Ananth does not explicitly disclose: wherein the learned features are specified by the at least one learned target object profile associated with the at least one detected target object 
update the at least one learned target object profile with the detected learned features.

However, Brust teaches: wherein the learned features are specified by the at least one learned target object profile associated with the at least one detected target object (“Our identification pipeline consists of two sequential components (see Fig. 2): first, a detector based on the YOLO model [60] detects and locates gorilla faces in images. In a second step, each candidate face region is processed up to the pool5 layer of the BVLC AlexNet Model [28] for feature extraction, before a linear SVM [11] component trained on facial reference images of the gorilla population performing classification of the extracted features to yield a ranked list of identification proposals.” §6 ¶1)
the species of the at least one detected target object, the gender of the at least one detected target object, the age of the at least one detected target object Fig 1,
update the at least one learned target object profile with the detected learned features (“The results presented exemplify that deep learning pipelines constructed for a biometric entity, species and setup (e.g. chimpanzee identification on bounding box labelled face images [16]) open up new possibilities to transfer both system design and parameterisation parts across to similar species and application scenarios (e.g. gorilla facial identification without bounding box information).” P2826 §8.1 ¶1)

Ananth and Brust are both in same field of endeavor of using neural networks to detect objects, identify attributes of those objects and annotate frames including the object and are analogous. Ananth discloses identifying target objects using profiles and Brust explicitly teaches the use of features and updating profiles. It would have been obvious to one of ordinary skill in the art before the effective filing date to modify the object profiles as taught by Ananth with features and updating as taught by Brust to yield predictable results.

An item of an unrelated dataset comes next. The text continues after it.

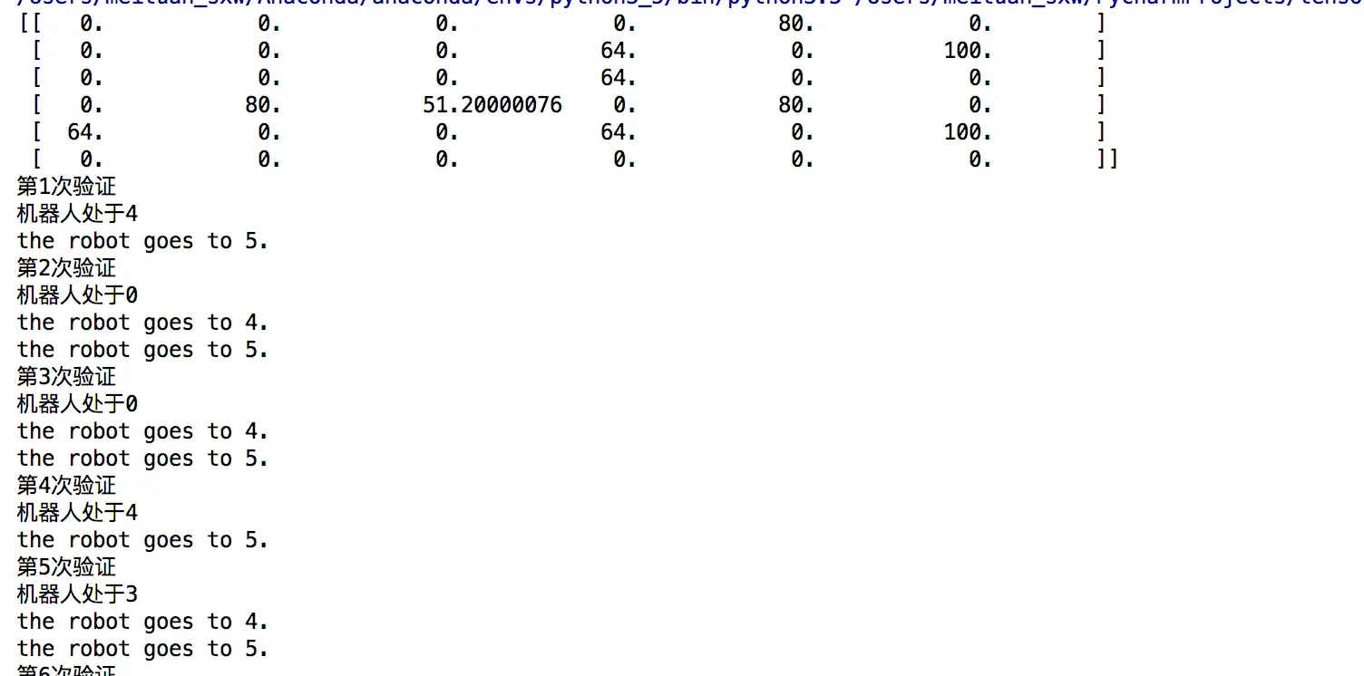 举例来说,假设我们的初始状态为2,那么根据Q表,我们选择2-3的动作,然后到达状态3之后,我们可以选择1,2,4。但是根据Q表,我们到1可以达到最大的价值,所以选择动作3-1,随后在状态1,我们按价值最大的选择选择动作1-5,所以路径为2-3-1-5.
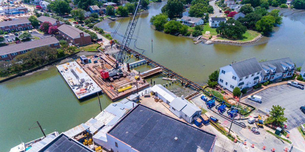 The work completed consisted of the replacement of the Bridge Street Bridge over Salters Creek, with a new bridge structure. The work generally consisted of replacing the existing bridge with a new 215’ long bridge, and reconstructing 150 feet of approach roadway. The major items of work were dismantling and removal of the existing bridge, reconstruction of roadway approaches to include pavement, concrete curbing, and sidewalk, provision of a temporary utility bridge for bridge utilities to remain operational during construction, provision of storm, sanitary, water, electrical, and communication installations, and placement of rip-rap slope protection.

Regarding claim 16, Ananth discloses: The computer readable medium of Claim 14, further comprising: retrieving the at least one target object profile from a database of learned target object profiles, wherein the at least one learned target object profile is associated with the at least one target object to detect, and wherein the database of learned target object profiles is associated with target objects that have been trained for detection within at least one frame of the content stream (“Generating the resource–accuracy profile is challenging. Unlike SQL queries, there are no well-known analytical models to capture resource–accuracy relationships as they often depend on the specific camera view. Figure 3b shows how different object detection implementations can change efficacy in different cameras. Likewise, reducing video resolution might not reduce the accuracy of a license plate reader if the camera is zoomed in enough, but it would otherwise impact accuracy. Therefore, we need to generate the profile using a labeled dataset of ground truths for each video query pipeline for each camera. However, exhaustively running through all the configurations can be prohibitive. For instance, generating the profile for a license plate query consumed 20 CPU days.” P63 ¶2).

Regarding claim 17, Ananth discloses: The computer readable medium of Claim 14, wherein communicating the target object detection data comprises communicating the target object detection data when the at least one parameter is met (“Our traffic analytics solutions based on the Rocket software stack (shown in Figure 2) are being actively deployed. Since December 2016, a multimodal object counter has run 24/7 using live traffic cameras in Bellevue, Washington, to help the city understand and track volumes of cars, pedestrians, and bikes. The system raises alerts on anomalous traffic patterns used by traffic control operators.” P65 §traffic video analytics ¶1, Figure 4, P63 ¶2, note: results are transmitted when there is sufficient accuracy).

Regarding claim 18, Ananth discloses: The computer readable medium of Claim 14, further comprising: specifying at least one alert parameter, and communicating the target object detection data comprises communicating the target object detection data when the at least one parameter is met  (“Our traffic analytics solutions based on the Rocket software stack (shown in Figure 2) are being actively deployed. Since December 2016, a multimodal object counter has run 24/7 using live traffic cameras in Bellevue, Washington, to help the city understand and track volumes of cars, pedestrians, and bikes. The system raises alerts on anomalous traffic patterns used by traffic control operators.” P65 §traffic video analytics ¶1).

Claims 19, 20, 23, and 24 are largely the same subject matter as claims 5, 6 9 and 10 and are rejected under the same reasoning.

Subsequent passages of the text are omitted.